_Task requirements_
Could every line of the listing be output exactly, with the pictures skipped?

[[ Data records open ]]

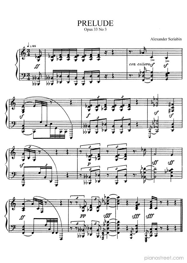 Downloadable piano sheet music from Preludes by Alexander Scriabin to print: Prelude Op. 33 No. 3 in C Major (published in 1903)
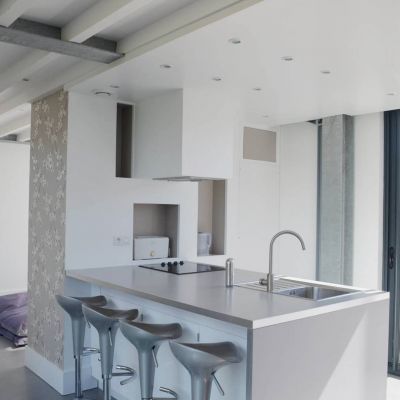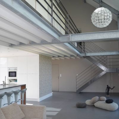 Conçue comme une grange avec la différentiation de la structure et de l’enveloppe, la maison possède une grande ouverture d’espace. Seules quelques parois coulissantes, modulent les pièces.
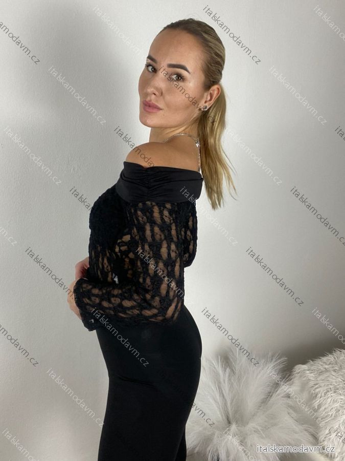 Tunika carmen krajková dlhý rukáv dámska (S/M ONE SIZE) TALIANSKA MÓDA IMM2645532/DUR S/M/L čierna
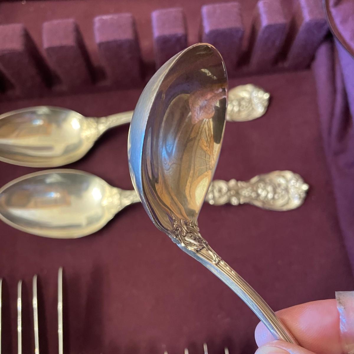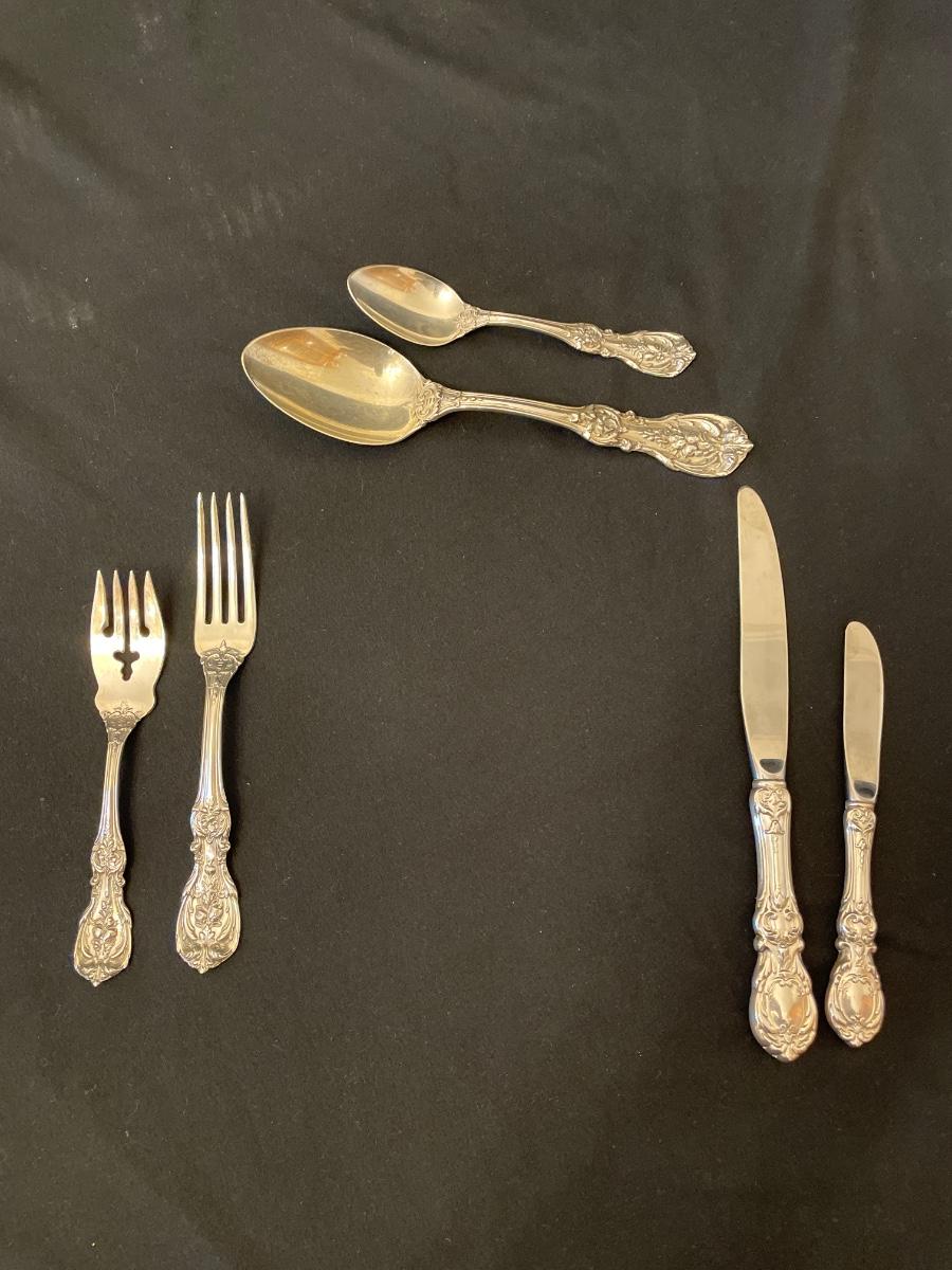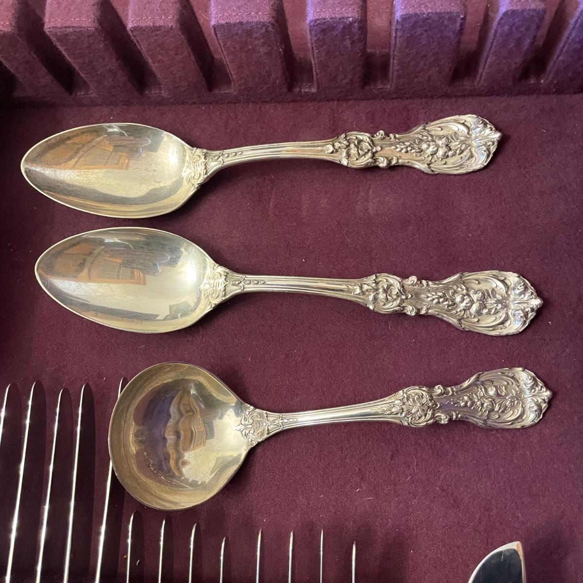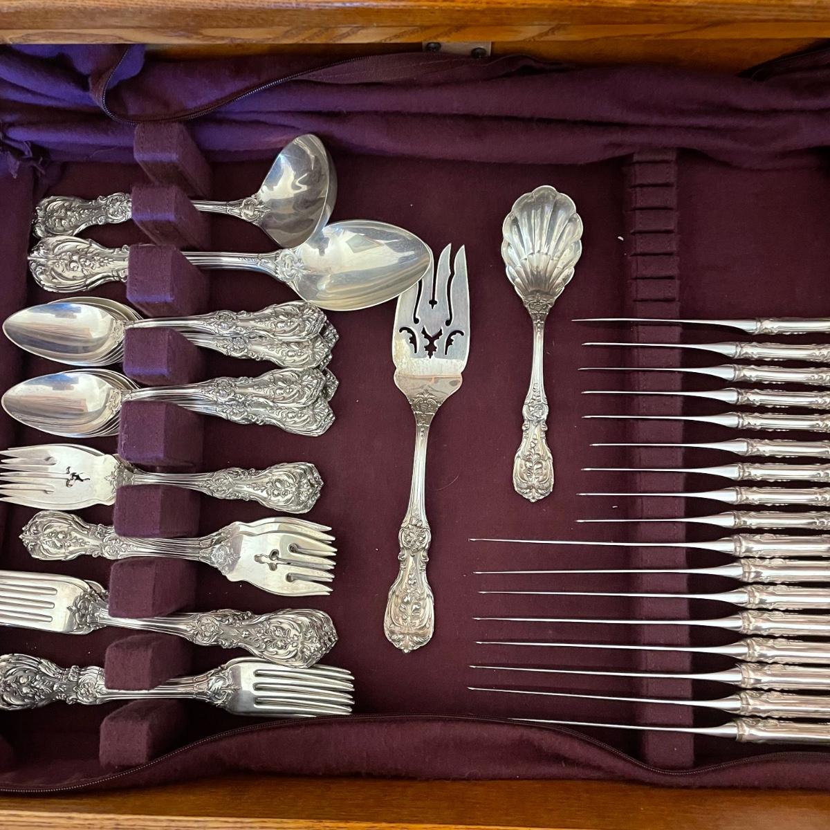 There are 53 sterling pieces of flatware for an eight person setting from Reed & Barton here that comes with a Gump's felt-like organizer tray. Flatware features Reed & Barton's Francis I pattern. Lot includes 8 each of dinner knives, small knives, dinner forks and salad forks plus 16 teaspoons, a butter knife, 2 large serving spoons, a soup ladle and a salad serving fork.
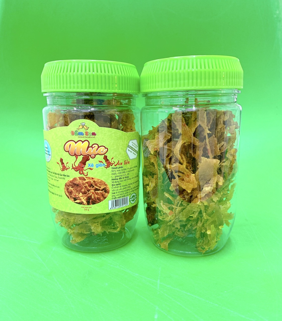 Thành phần: 90% Mực khô xé sợi, 10% gia vị (đường, muối, bột ngọt, ớt) Hạn sử dụng: 12 tháng kể từ ngày sản xuất Hướng dẫn sử dụng: Sử dụng trực tiếp không cần
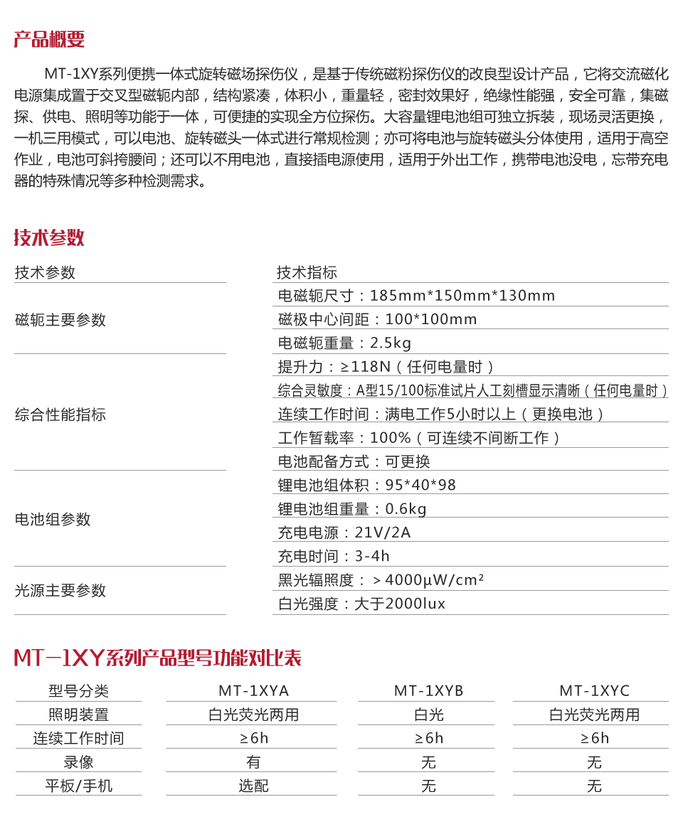 | 電磁軛尺寸 | 185mm*150mm*130mm |
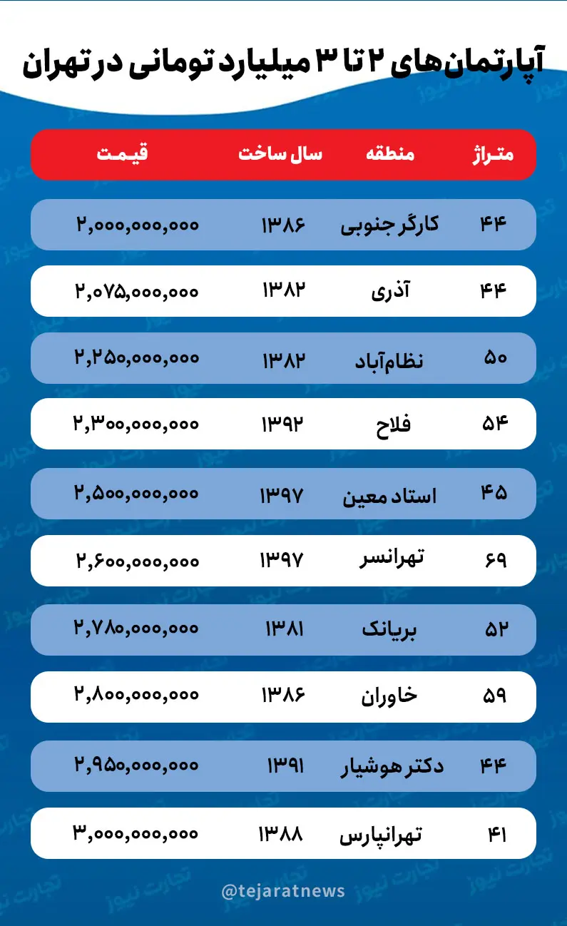 بررسی آگهیهای آپارتمان در مناطق مختلف تهران نشان میدهد، خانههاییبا قیمت دو تا سه میلیارد تومان، غالبا متراژی بین ۴۰ تا ۵۵ متر دارند. همچنین این واحدها بیشتر در محدوده شرق، جنوب غربی و جنوب تهران واقع شدهاند.

[[ Data records closed ]]

_Reply_
 Downloadable piano sheet music from Preludes by Alexander Scriabin to print: Prelude Op. 33 No. 3 in C Major (published in 1903)
 Conçue comme une grange avec la différentiation de la structure et de l’enveloppe, la maison possède une grande ouverture d’espace. Seules quelques parois coulissantes, modulent les pièces.
 Tunika carmen krajková dlhý rukáv dámska (S/M ONE SIZE) TALIANSKA MÓDA IMM2645532/DUR S/M/L čierna
 There are 53 sterling pieces of flatware for an eight person setting from Reed & Barton here that comes with a Gump's felt-like organizer tray. Flatware features Reed & Barton's Francis I pattern. Lot includes 8 each of dinner knives, small knives, dinner forks and salad forks plus 16 teaspoons, a butter knife, 2 large serving spoons, a soup ladle and a salad serving fork.
 Thành phần: 90% Mực khô xé sợi, 10% gia vị (đường, muối, bột ngọt, ớt) Hạn sử dụng: 12 tháng kể từ ngày sản xuất Hướng dẫn sử dụng: Sử dụng trực tiếp không cần
 | 電磁軛尺寸 | 185mm*150mm*130mm |
 بررسی آگهیهای آپارتمان در مناطق مختلف تهران نشان میدهد، خانههاییبا قیمت دو تا سه میلیارد تومان، غالبا متراژی بین ۴۰ تا ۵۵ متر دارند. همچنین این واحدها بیشتر در محدوده شرق، جنوب غربی و جنوب تهران واقع شدهاند.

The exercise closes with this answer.